Execution key for India and US sales; FY21-22e EPS up 3%; valuations factor in prospects; ‘Hold’ retained
Total revenues at Rs 13.1 bn grew 8.7% y-o-y (-9.8% q-o-q) in Q3 with India formulations being the only segment to see sequential sales growth. India sales at Rs 4.2 bn grew 13.6% y-o-y (+0.7% q-o-q) and growth was supported by recovery in broader market as well as by a pick-up in sales for focused therapies (cardiac, antidiabetic, gastrology etc), new launches and operating efficiencies resulting from business restructuring efforts of past few years. Demand for azithromycin (key brand Azithral) has tapered from highs of Q2; nonetheless, it reported better than market growth for anti-infectives segment.
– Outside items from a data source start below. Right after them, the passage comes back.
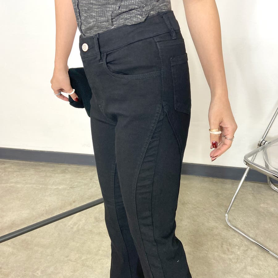 切替デニムフレアパンツ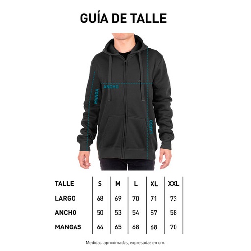 ◦ Campera de frisa esmerilada y gamuzada. Tacto suave. ◦ Estampa a un color en frente. Tinta con base soft. ◦ Puños y cintura de ribb complemento. ◦ Capucha con cordón de ajuste. Bolsillo canguro frontal y cierre de diente de perro plástico YKK con tiracierre metálico. ◦ Back de talle estampado. ◦ Etiquetas de marca tejidas. ◦ Fit regular. ◦ Composición: 50% Poliéster 50% Algodón ◦ Producto nacional.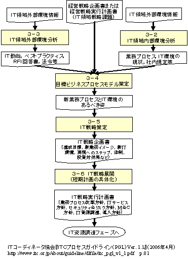 3-1. フェーズの立ち上げ 3-2. IT領域内部環境分析 3-2-1. 現行業務プロセス分析 3-2-2. 現行IT環境分析 3-2-3. 内部制約条件確認 3-3. IT領域外部環境分析 3-3-1. 近似事例調査、分析、評価 3-3-2. IT動向・実績調査、分析、評価 3-3-3. 外部制約条件確認 3-4. 目標ビジネスプロセスモデル策定 3-4-1. 目標業務プロセス策定 3-4-2. 目標IT環境策定 3-5. IT戦略策定 3-5-1. ギャップ分析 3-5-2. IT戦略策定 3-6. IT戦略展開 3-6-1. 業務プロセス改革方針策定 3-6-2. ITサービス方針策定 3-6-3. セキュリティ&リスク管理方針策定 3-6-4. モニタリング&コントロール方針策定 3-6-5. IT資源調達・導入方針策定 3-7. フェーズの完了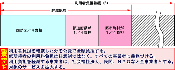 そこで、国は平成14年度末(平成15年3月31日)までの特別対策として、地方自治体や社会福祉法人が、低所得者に対して利用料の一部を軽減できることとし、減免を行った場合、法人が負担した費用の一部を国と県、市町村が負担する制度を設けました。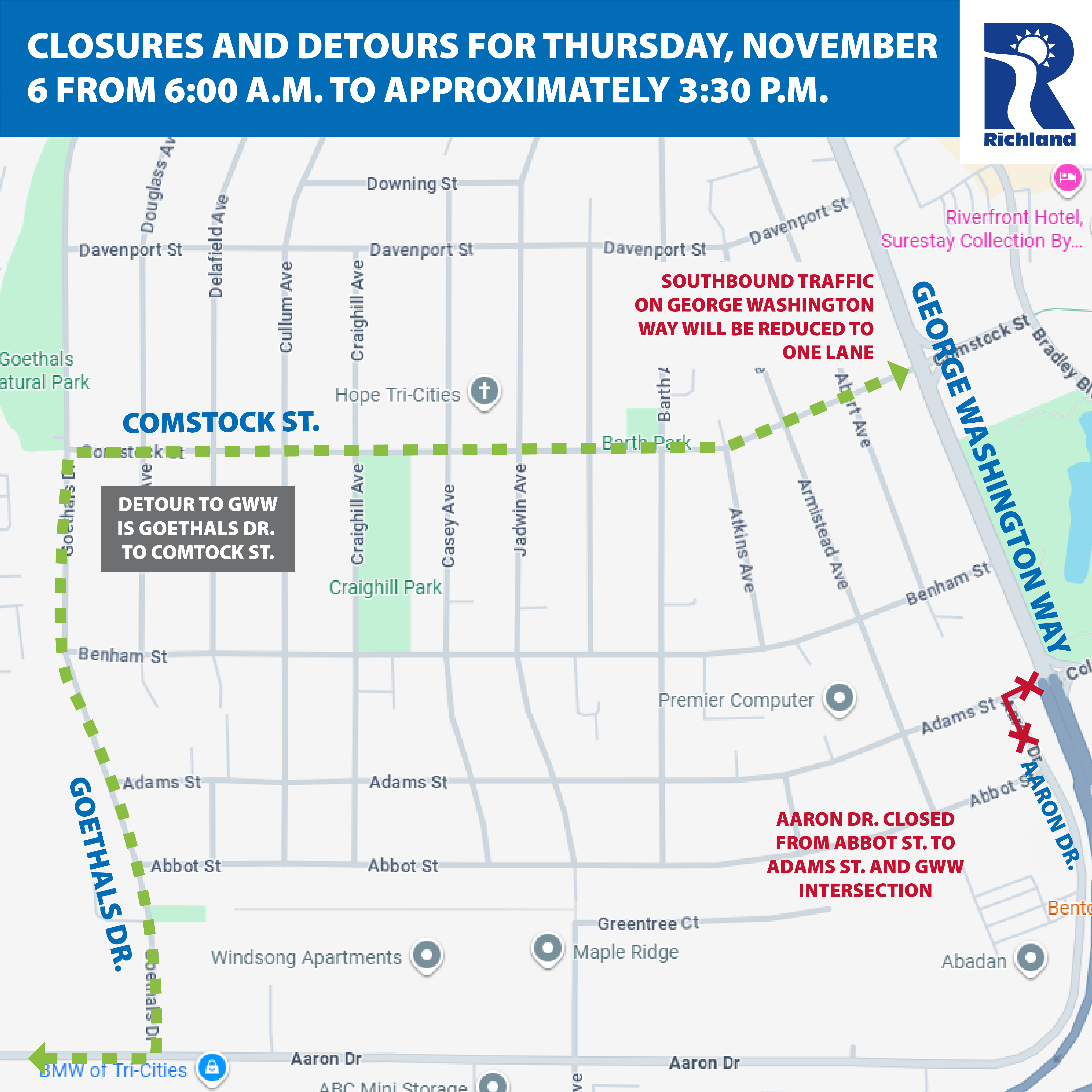 • A detour will be in place via Comstock Street and Bradley Boulevard.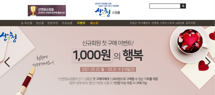 산청군 직영 농특산물 온라인쇼핑몰 ‘산엔청쇼핑몰이 오는 31일까지 ‘농업인 돕기 1000원의 행복’기획전을 진행한다.
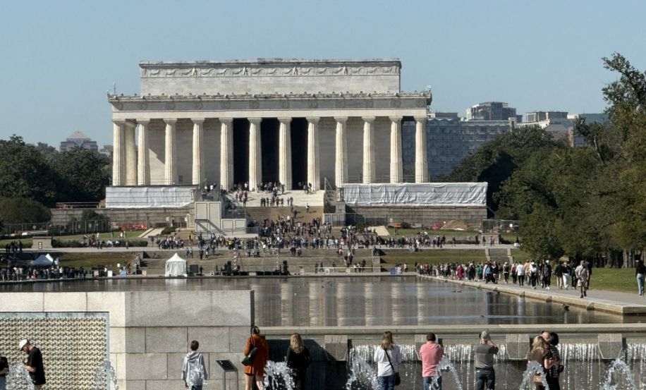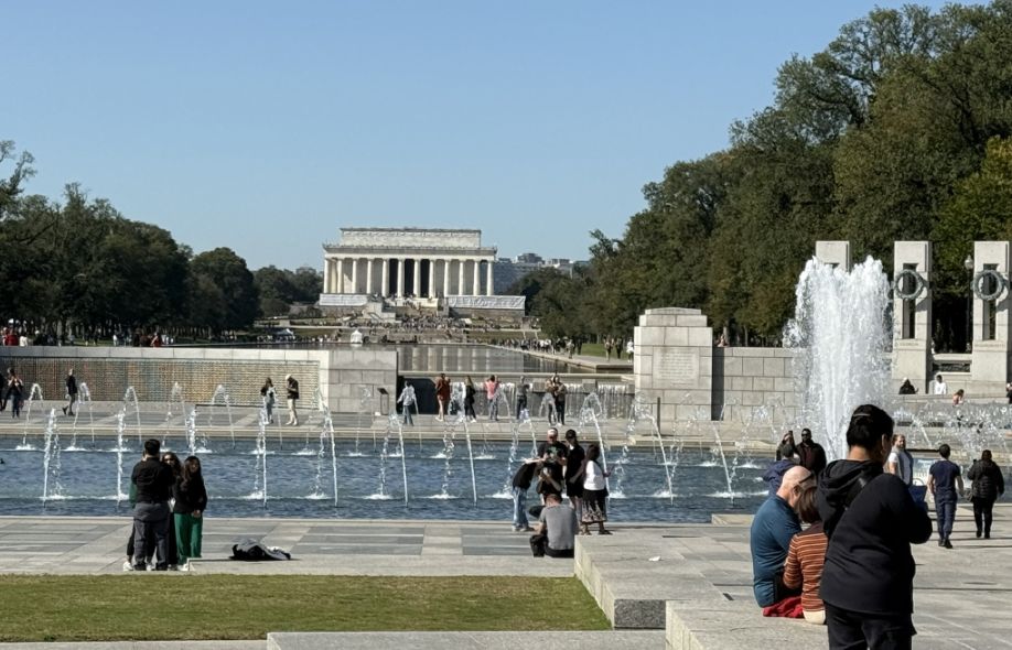Beyond the pool, perfectly aligned, is the Lincoln Memorial, anchoring the scene with its calm authority. The alignment is deliberate, a visual line connecting: Lincoln’s struggle to preserve the Union, and to the global fight to preserve democracy.

Its US sales at Rs 5.1 bn (c$70 m) declined 12% q-o-q on lower sartans sales (blood pressure lowering drugs). It benefitted from supplies of sartans at better pricing for almost 8 quarters in a row as many players temporarily exited the market due to discovery of alleged carcinogenic impurities. However, pricing attractiveness has now declined with return of competitors.
Q3 Ebitda margins at 27.8% declined 266bp q-o-q on diminished pricing benefits for sartans and reversal in operating costs to pre-COVID-19 levels. PAT at Rs 2.9 bn declined 12.2% q-o-q (+24.9% y-o-y).
Execution is key for India and US sales
After a strong showing in Q2 and Q3, Alembic expects to sustain momentum for India sales, and execution will be key amid rising competition in focused segments, in our view. Despite normalised sales for sartans, it maintains a positive outlook for US sales and aims for sales of $400-500 m in the next 2-3 years (from c$300 m in FY21e). Although Alembic has started ANDA filings from new plants (F2, F3 and F4), approvals and commercial supplies are contingent on pre-Approval Inspection (PAI) and facility clearance by the FDA. It expects FDA inspection of these new plants in the next two quarters; however, timelines remain uncertain. It maintains its guidance for EPS of Rs 60 for FY21 and Rs 50 for FY22.
Maintain Hold with unchanged TP of Rs 1,135
We think near-to medium-term earnings visibility is currently priced in and see limited clarity on factors that can yield positive surprises to current estimates. Ongoing R&D spend for its US pipeline and other costs, including pre-operative costs for new plants, could cap Ebitda margins at 24-25% in FY22-23e. We remain positive on R&D and capex investments as long-term US growth drivers. But we assume a gradual scaling up of supplies of non-oral solids formulations, where it has limited experience and execution is unproven. Post Q3, we adjust our estimates in line with the current outlook, resulting in minor (1-3%) changes to our FY21-23e EPS. We maintain our Hold and Rs 1,135 TP.